Abstract

Background: Although cardiovascular rehabilitation (CR) is well accepted in general, CR-attendance and delivery still considerably vary between the European countries. Moreover, clinical and prognostic effects of CR are not well established for a variety of cardiovascular diseases. Methods: The guidelines address all aspects of CR including indications, contents and delivery. By processing the guidelines, every step was externally supervised and moderated by independent members of the “Association of the Scientific Medical Societies in Germany” (AWMF). Four meta-analyses were performed to evaluate the prognostic effect of CR after acute coronary syndrome (ACS), after coronary bypass grafting (CABG), in patients with severe chronic systolic heart failure (HFrEF), and to define the effect of psychological interventions during CR. All other indications for CR-delivery were based on a predefined semi-structured literature search and recommendations were established by a formal consenting process including all medical societies involved in guideline generation. Results: Multidisciplinary CR is associated with a significant reduction in all-cause mortality in patients after ACS and after CABG, whereas HFrEF-patients (left ventricular ejection fraction <40%) especially benefit in terms of exercise capacity and health-related quality of life. Patients with other cardiovascular diseases also benefit from CR-participation, but the scientific evidence is less clear.

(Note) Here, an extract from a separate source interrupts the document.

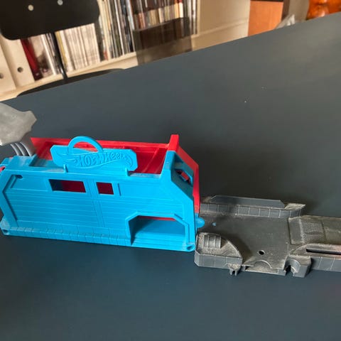 Hot Wheels dinosaur bilbane legesæt i blå og rød plast. Sættet forestiller en dinosaur, der kan stå oprejst og ligge ned, og har hjul, så den kan rulles. Der er integreret rampe/bane i halen samt plads til små biler inde i kroppen. Egnet til leg med Hot Wheels-biler og lignende små legetøjsbiler.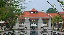- 🌍 Amantaka. Luxury resort by the Aman group, and probably the most expensive hotel in all of Laos. Set in the large garden estate and graceful colonial buildings of what was once the French hospital, just south of Phousi Hill. Airy, elegant and tranquil throughout, the décor and furnishings reflect the city's French colonial history. Only 24 "suites", some with private pools. Rates include two meals and free transport around the city with a branded tuktuk. If you can't quite justify a night, drop by for a US$10 Beerlao at the poolside bar/restaurant and soak in the ambience, which includes live traditional music in the evenings. From US$1000.

There is increasing evidence that the beneficial effect of CR strongly depends on “treatment intensity” including medical supervision, treatment of cardiovascular risk factors, information and education, and a minimum of individually adapted exercise volume. Additional psychologic interventions should be performed on the basis of individual needs. Conclusions: These guidelines reinforce the substantial benefit of CR in specific clinical indications, but also describe remaining deficits in CR-delivery in clinical practice as well as in CR-science with respect to methodology and presentation.

Highlights

  • Cardiovascular diseases (CVD) represent the leading cause of premature death and disability in Europe and other countries all over the world

  • The available data from various sources to mirror cardiac rehabilitation (CR)-delivery in clinical practice in German speaking countries are incomplete. These data allow the following conclusions: Patients with coronary artery disease represent the vast majority of patients participating in cardiovascular rehabilitation followed by patients after heart valve repair

  • After acute coronary syndrome (STEMI, NSTEMI or unstable angina pectoris) patients are recommended to participate in cardiac rehabilitation (CR)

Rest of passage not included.